Although quantitative analysis of ER protein has previously been performed using Western blot and following enzyme immunoassay (EIA; [30]), the advantage of multiple-label immunofluorescence profiling over Western blot and EIA is that it allows for concurrent morphologic, morphometric and quantitative analysis of receptor isoforms co-expressed in the same tissue. Furthermore, since measurement of ER at mRNA level does not always correlate with immunoreactive protein [26, 29, 47], robust quantitative analysis of ER protein may be of significant clinical importance.

The present study used triple label immunofluorescence with high-resolution confocal imaging to optimally define ERα and ERβ1 protein expression patterns spatially in normal and estradiol-exposed OSE from older mice.

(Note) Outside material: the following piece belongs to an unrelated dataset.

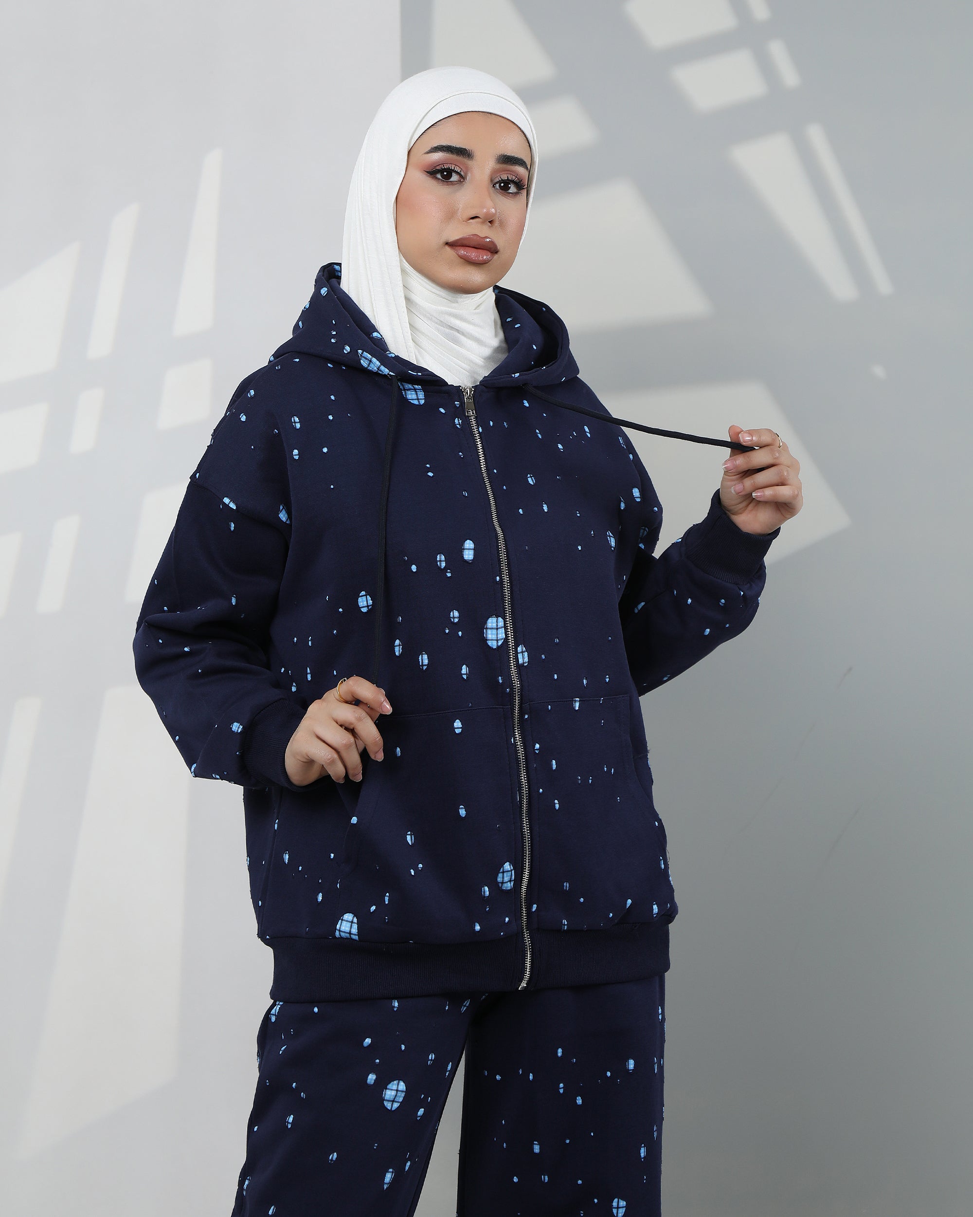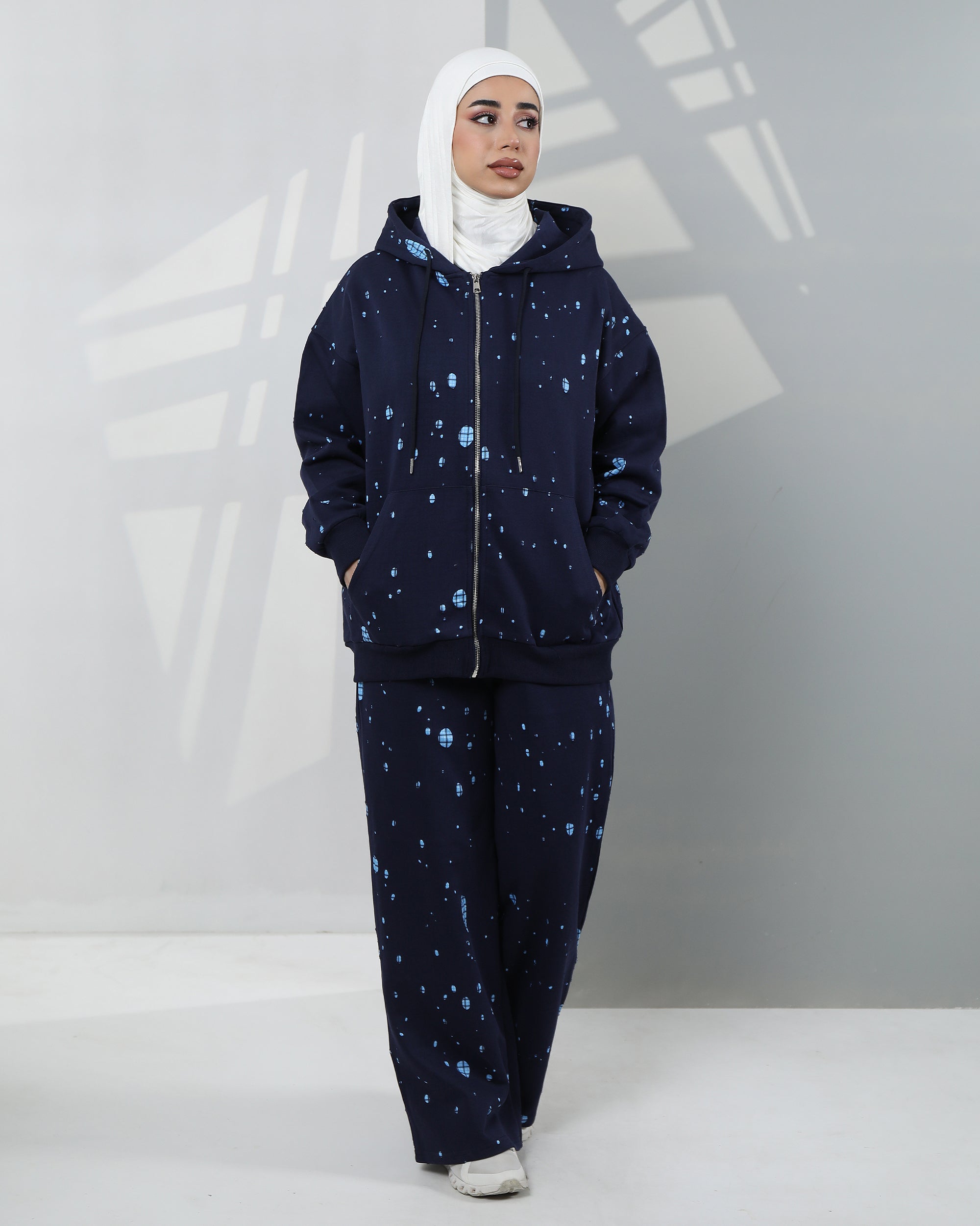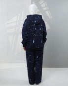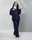Printed Velvet Hoodie Two-Piece Set – Navy Blue

Combining ERα/β (dual label) immunofluorescence emission profiles delineated sites of ER co-localization within individual OSE cells, and provided information on ER not previously reported with light microscopic evaluation, or with single label immunofluorescence. This work therefore extends existing knowledge of normal ER protein expression patterns in OSE [48, 49].

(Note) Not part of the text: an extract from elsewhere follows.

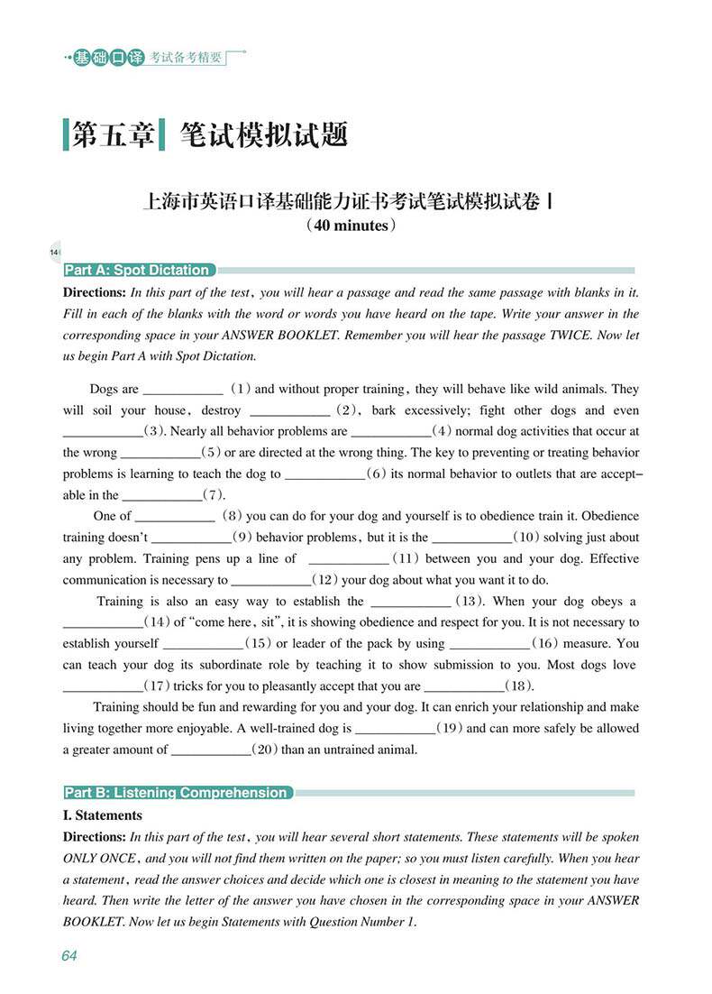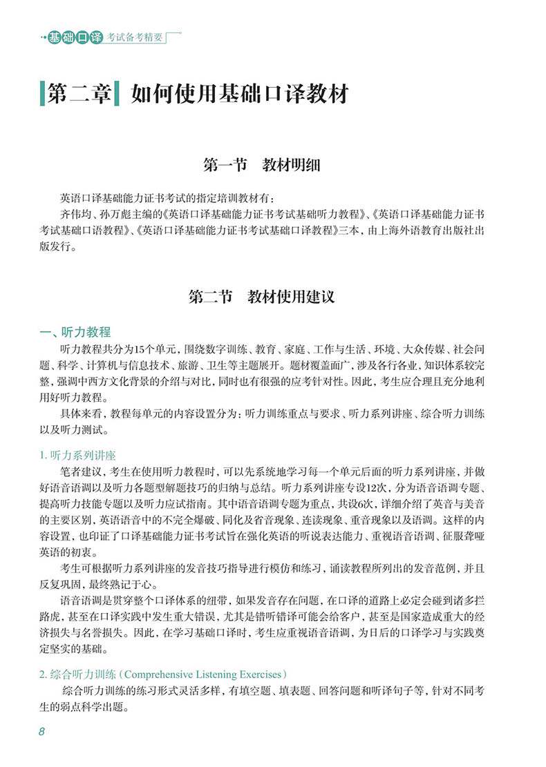 «Основы для базовых экзаменов по устному переводу» - это первый выбор для кандидатов, чтобы всесторонне улучшить комплексную английскую способность английского языка, играть в хорошую языковую фонд и практиковать солидные базовые навыки, чтобы успешно сдать основной экзамен по интерпретации.

We found light microscopy did not optimally delineate nuclear from cytoplasmic expression, particularly with the ERβ1 isoform. Examination of ERα and ERβ1 with dual label technique generated measurable two-channel immunofluorescence profiles, and showed that although the two receptors visually colocalized in OSE cells, such “co-localization” was often the result of the two isoforms being separated by a very small distance. Since the optical (Z) slice for confocal imaging was <2 micron (1.8 μm), it may be inferred that when both ER isoforms were aligned in the same plane relative to the z-axis, and peak immunofluorescence emission produced by both ER within the OSE cell likewise aligned, ERα/β heterodimers had formed within ERβ clusters. However, in cells where peak ERα/β fluorescence emissions were separated by a greater distance (>2.0 micron), dynamic shuttling of the receptors to and from the nucleus into stochastically advantageous positions to facilitate heterodimer assembly may instead be occurring.

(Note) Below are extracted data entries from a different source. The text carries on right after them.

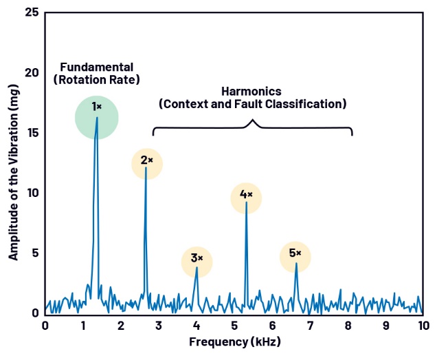 最后要談的是慣性檢測(cè)與AI分析的集成方案,集成的目的是在智慧農(nóng)業(yè)領(lǐng)域?qū)崿F(xiàn)預(yù)測(cè)性維護(hù)?,F(xiàn)代農(nóng)場(chǎng)規(guī)模不斷擴(kuò)大,因而不得不依賴高資本支出的機(jī)械進(jìn)行生產(chǎn)。此類設(shè)備不僅要精準(zhǔn)無(wú)誤地運(yùn)行,還必須經(jīng)受住季節(jié)性農(nóng)耕任務(wù)的惡劣環(huán)境和高強(qiáng)度作業(yè)的考驗(yàn)。在短暫的種植或收獲季節(jié)中,如果設(shè)備發(fā)生故障,可能會(huì)造成嚴(yán)重的經(jīng)濟(jì)損失。例如,播種機(jī)或收割機(jī)等精密設(shè)備,常常需要在風(fēng)雨、塵土、泥濘、碎石等惡劣環(huán)境下作業(yè)。在這些環(huán)境中,關(guān)鍵振動(dòng)特征的變化可用于提前預(yù)測(cè)設(shè)備問(wèn)題,然后在盡量不影響高峰期生產(chǎn)的時(shí)間內(nèi)進(jìn)行維護(hù)來(lái)解決問(wèn)題。機(jī)械振動(dòng)分析(類似于牲畜的生命體征監(jiān)測(cè))可用于精確定位機(jī)械元件中不同問(wèn)題的故障模式和時(shí)間,例如軸承故障、軸未對(duì)準(zhǔn)、不平衡、松動(dòng)、齒輪故障和其他問(wèn)題。假設(shè)軸承存在缺陷,如表面剝落或形狀偏離理想球體。每當(dāng)這類缺陷與機(jī)器表面接觸時(shí),都會(huì)在平臺(tái)上產(chǎn)生一個(gè)沖擊,從而引發(fā)復(fù)雜的振動(dòng)響應(yīng),其中既包含基頻成分,也包含寬帶成分。圖5以頻譜形式展示了一個(gè)復(fù)雜的振動(dòng)曲線。
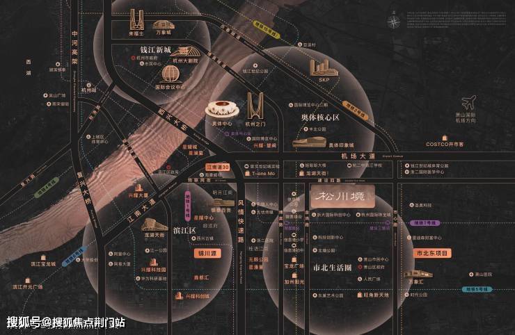 杭州滨江兴耀·松川境府坐落于奥体南·市北西板块,地处建设四路与金鸡路交汇处东侧,占据杭州“拥江发展”战略下的黄金十字轴。
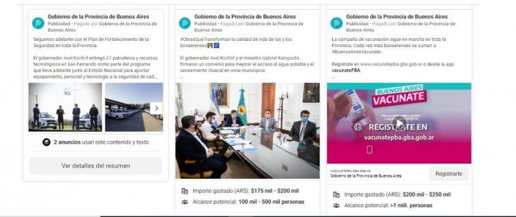 En cuarto lugar aparece la Provincia de Buenos Aires, con gastos por casi $ 4,5 millones en los que se publicitan obras públicas, gestiones en seguridad y el plan de vacunación. El Gobierno de la Ciudad de Buenos Aires, por su parte, pautó posteos por más de $ 2,2 millones en los últimos 90 días, también relacionados con la gestión.
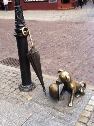 dog, hat & umbrella to the Market Place in Torun.
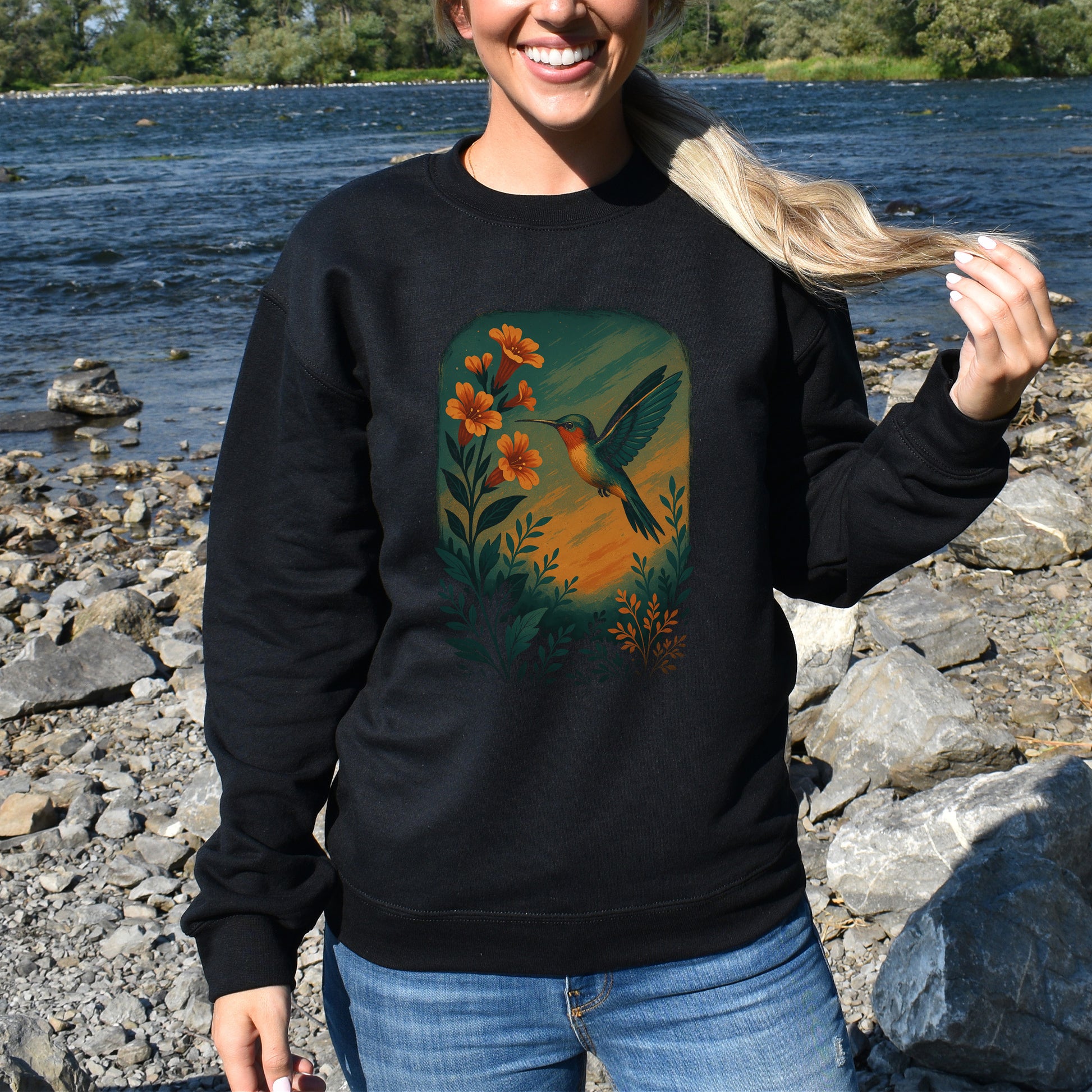 Hummingbird and Flower Sweatshirt – Spirit Animal Symbol of Joy & Lightness
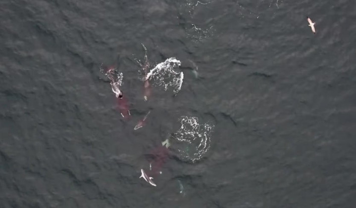 无论是无人机航拍还是水下的视频数据,都没显示虎鲸展现出任何攻击行为,例如拍打尾巴或者撕咬,这些都是虎鲸试图驱赶不速之客的方法。

Continuous shuttling of mouse ERα has been shown to occur in cell culture [50], however studies are lacking on the nature of nuclear-cytoplasmic shuttling of ERβ in OSE. The variable nuclear and cytoplasmic expression of both ER isoforms that we observed from cell to cell in normal OSE, supports shuttling of ER between nucleus and cytoplasm. It is interesting that ERα/β co-expression appeared more common in cuboidal than columnar OSE, since columnar OSE is proposed to phenotypically resemble Müllerian duct-derived epithelia, potentially metaplastic and more prone to oncogenesis [51].

It is conceivable that translocation patterns of ERβ1 influence the formation of ERα/β heterodimers (known to modulate transcriptional activity of ERα) [52], possibly mediating ERα’s proliferative influence in OSE [53]. Changes to sub-cellular expression and distribution of ER subtype are reported for breast cancer [54, 55] and have diagnostic and prognostic significance. For example, cytoplasmic expression of ERβ2 is associated with poor overall survival from breast cancer, whereas cytoplasmic expression of ERβ1 is not [54]. Additionally, heterodimers formed between ERβ1 and ERβ variants, β4 and β5 (a relationship that depends on the availability of ERβ1), may positively or negatively regulate ERβ1 activity in OSE and serve other functions, as yet unknown.

Further study of ER using the methods described here will extend knowledge of the in vivo distribution of ER subtypes and heterodimer formation in OSE, while allowing simultaneous quantitation of ER protein. This method could be of significant value to assess changes to ER that may predispose to ovarian epithelial cancer.